The speaker, who presides over the House, ruled SB731 was germane to that resolution, a decision he said he made on face value.

Rep. Jeff Wardlaw, R-Hermitage, a Legislative Council co-chairman, objected to Shepherd's ruling.

That sent the bill to the House Rules Committee, where much of the meeting room was filled by opponents of vaccine mandates as well as a man in an Uncle Sam costume.

The panel voted that the bill was not germane, but the House voted to proceed in considering it anyway. Lawmakers who supported the bill said sending it to the committee was an attempt to kill it.

Presenting the bill to the chamber, the House sponsor, Rep. Joshua Bryant, R-Rogers, said the bill needed to go through to give Arkansas a tool to push back against federal mandates.

"Arkansans have spoken. They have said, 'No, you are not going to ask our vaccination status,'" Bryant said.

Bryant was also the sponsor of House Bill 1977, which has been sent to Gov.
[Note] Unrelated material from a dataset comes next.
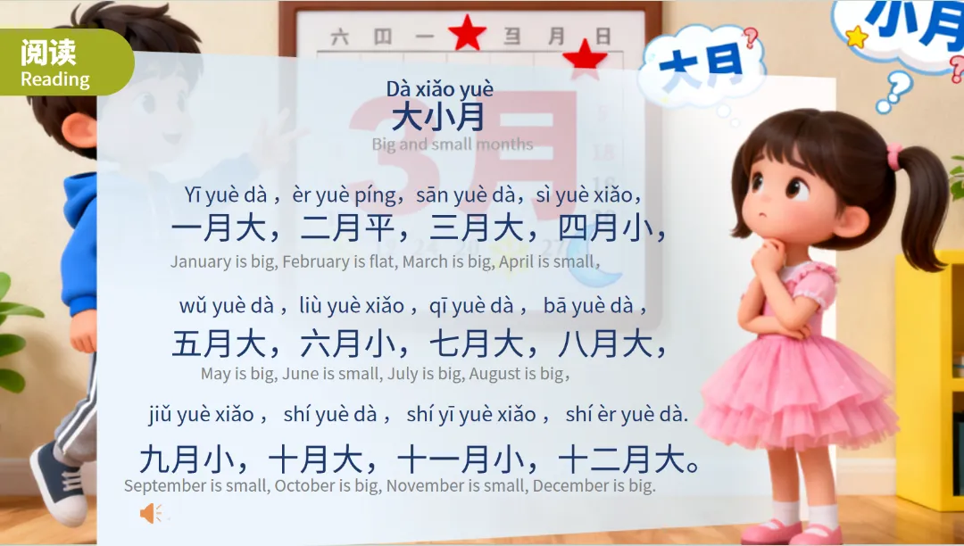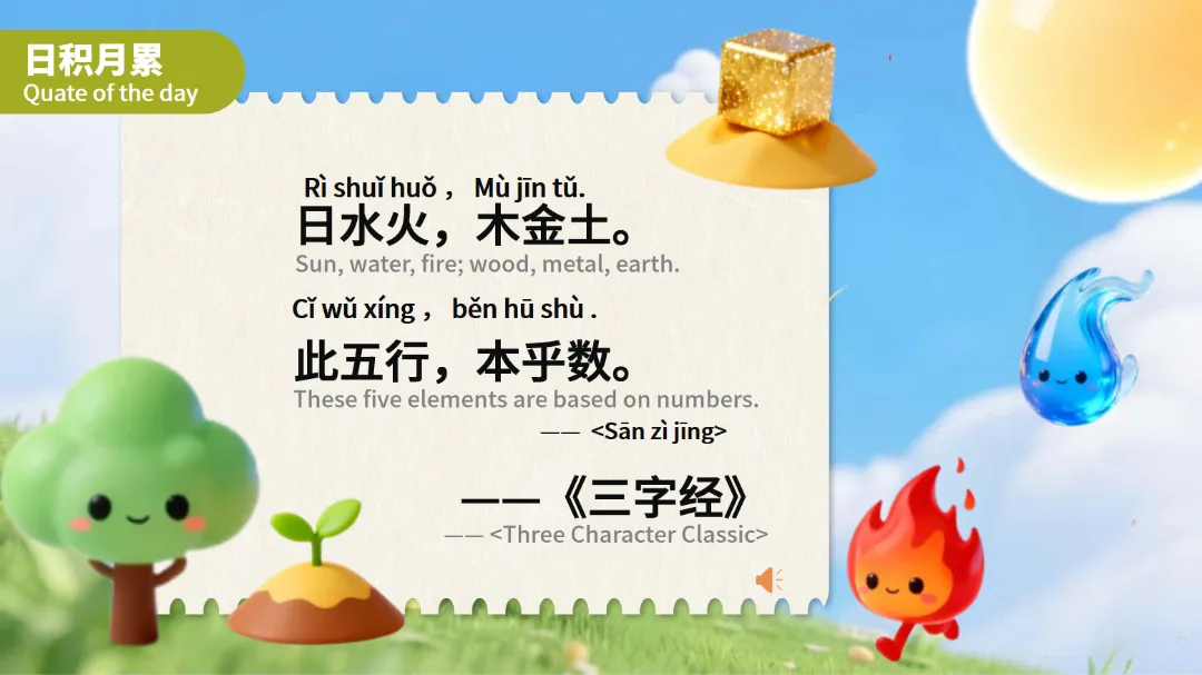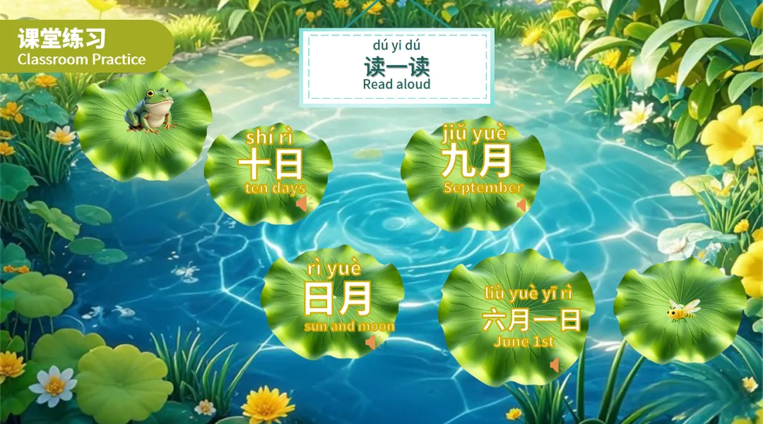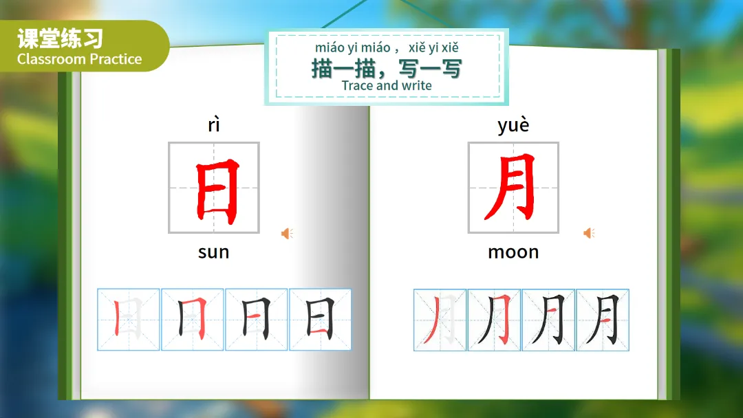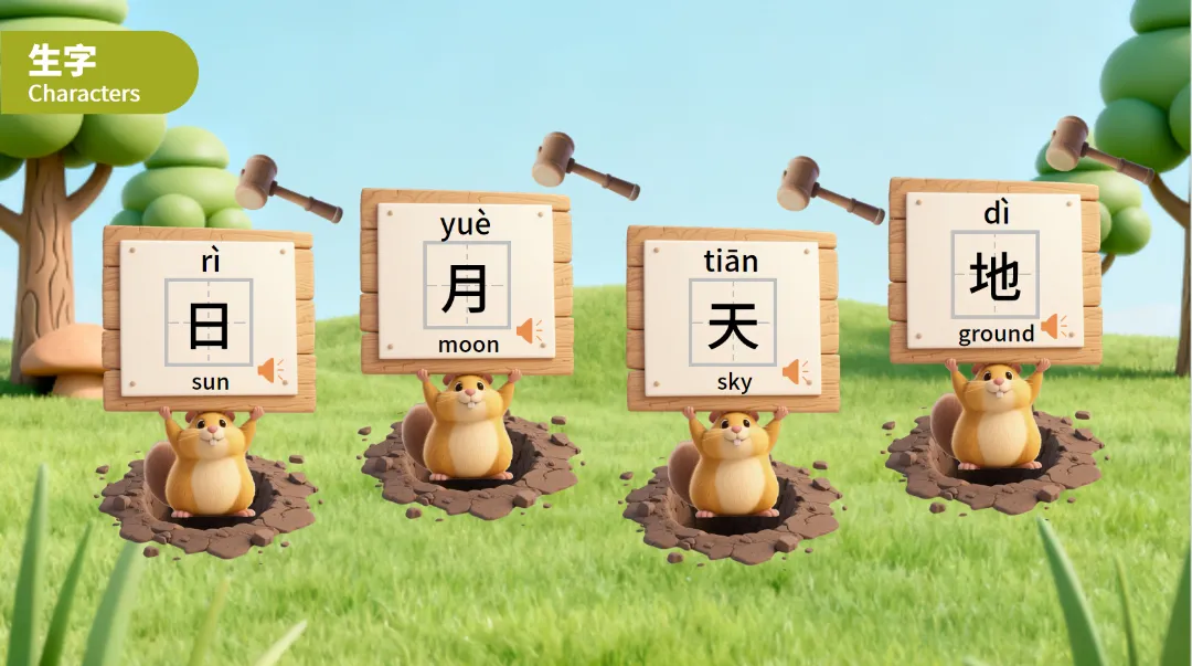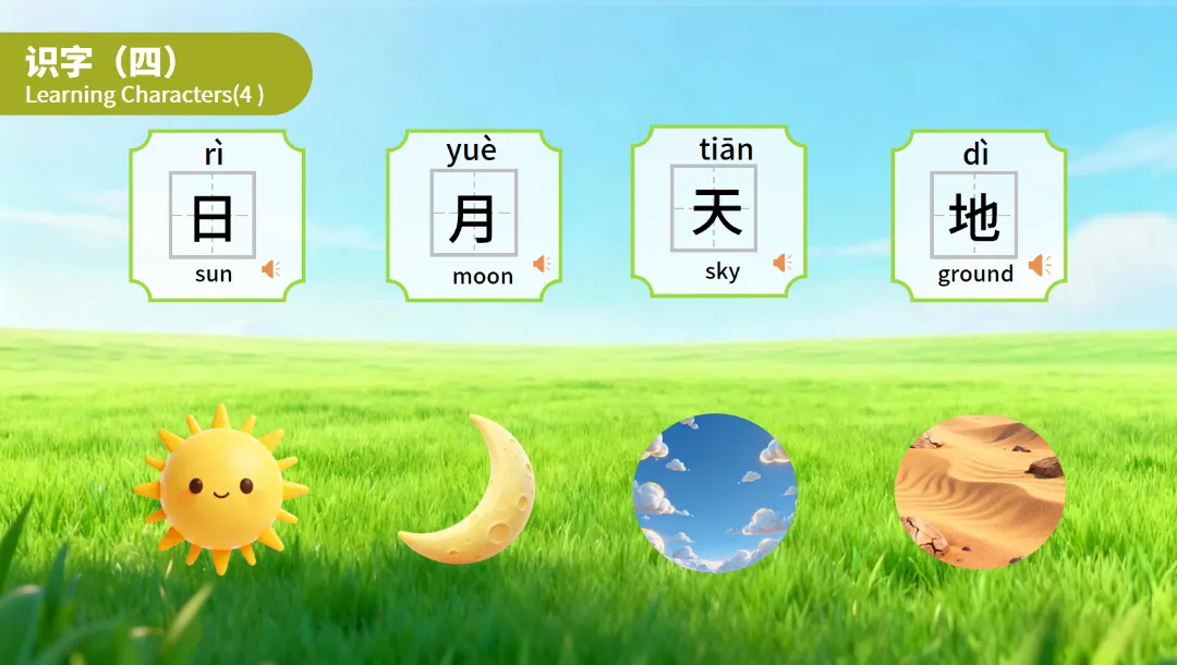 本课聚焦四个基础汉字:日、月、天、地,每个字都配有清晰的拼音、英文释义和直观的图像对应,让学生一眼看懂字形与含义的关联: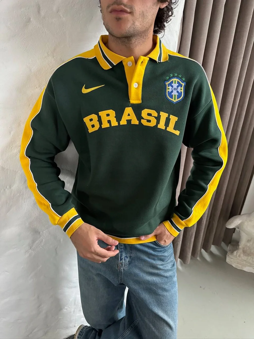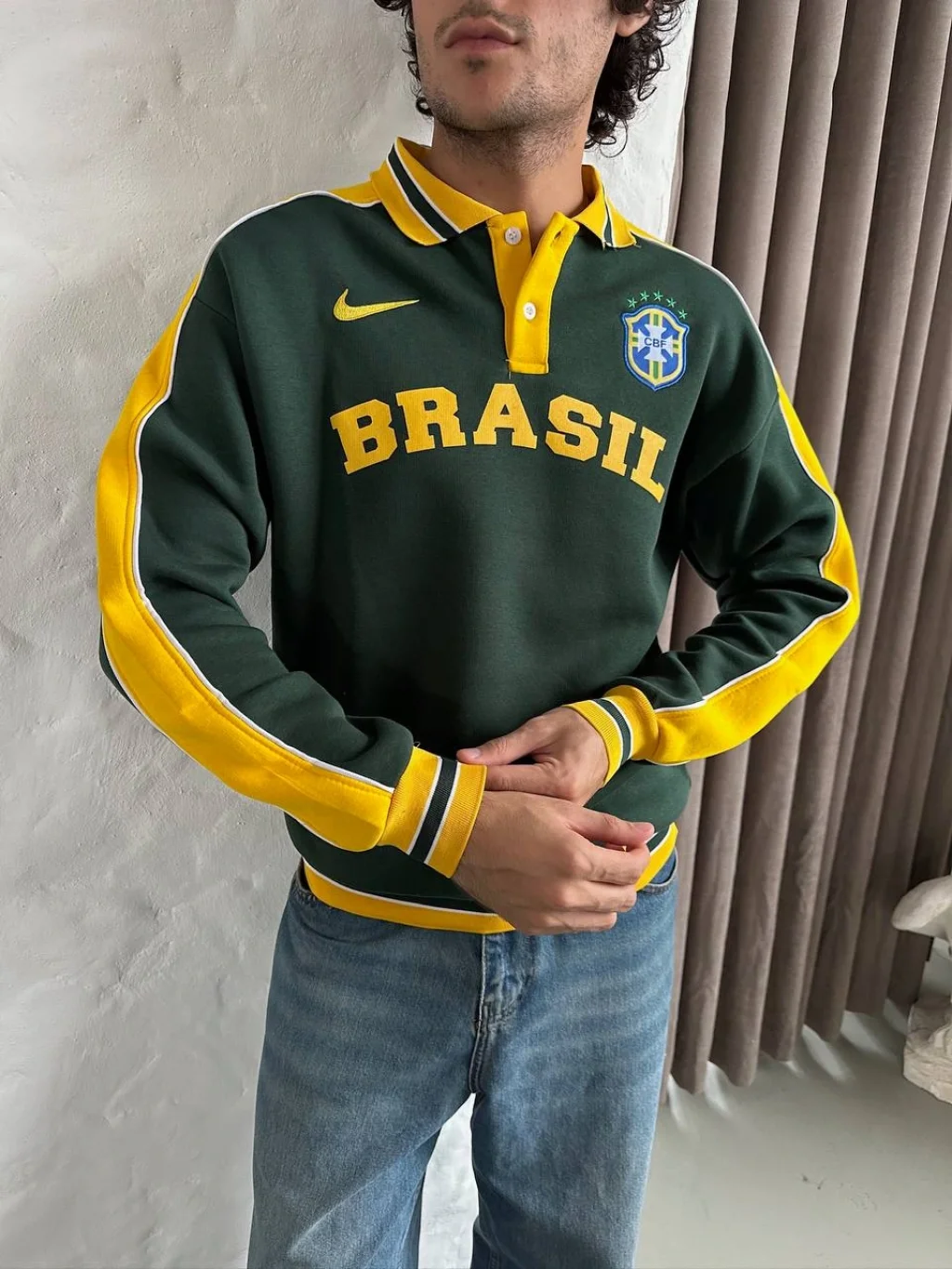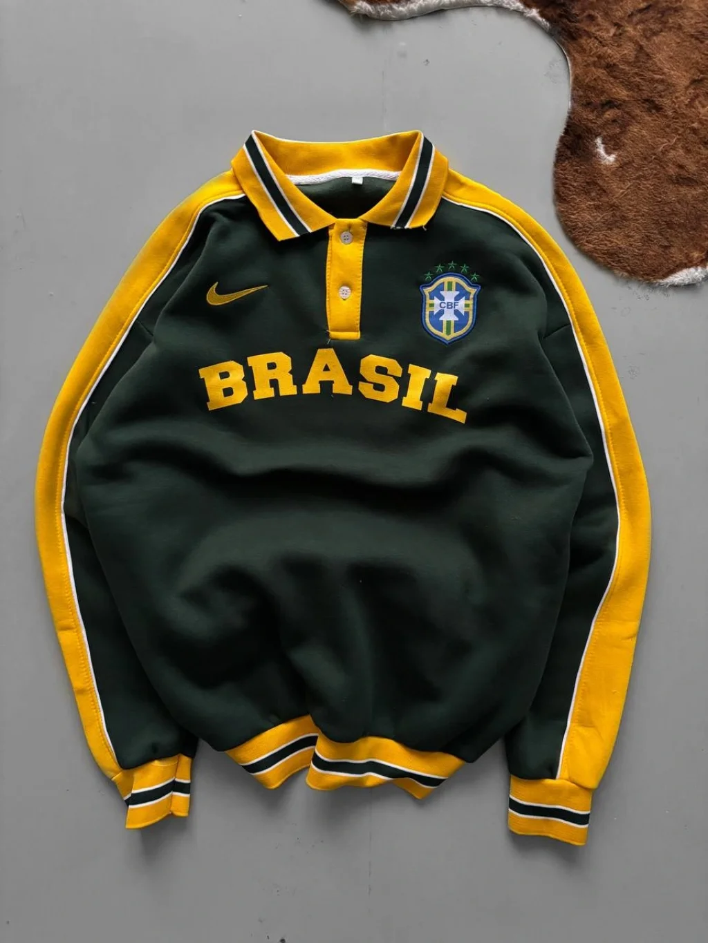 Sarı Brasil Polo Yaka Unisex Oversize Sweat

Asa Hutchinson.

HB1977 requires employers that mandate vaccinations to provide an exemption process for workers, including requiring them to produce a negative antigen test once a week or proof of immunity to the virus that causes covid-19 or a variant, including the presence of antibodies or T cell response, or proof of a positive covid-19 test from a licensed health care provider twice a year.

Some lawmakers said SB731 would conflict with HB1977.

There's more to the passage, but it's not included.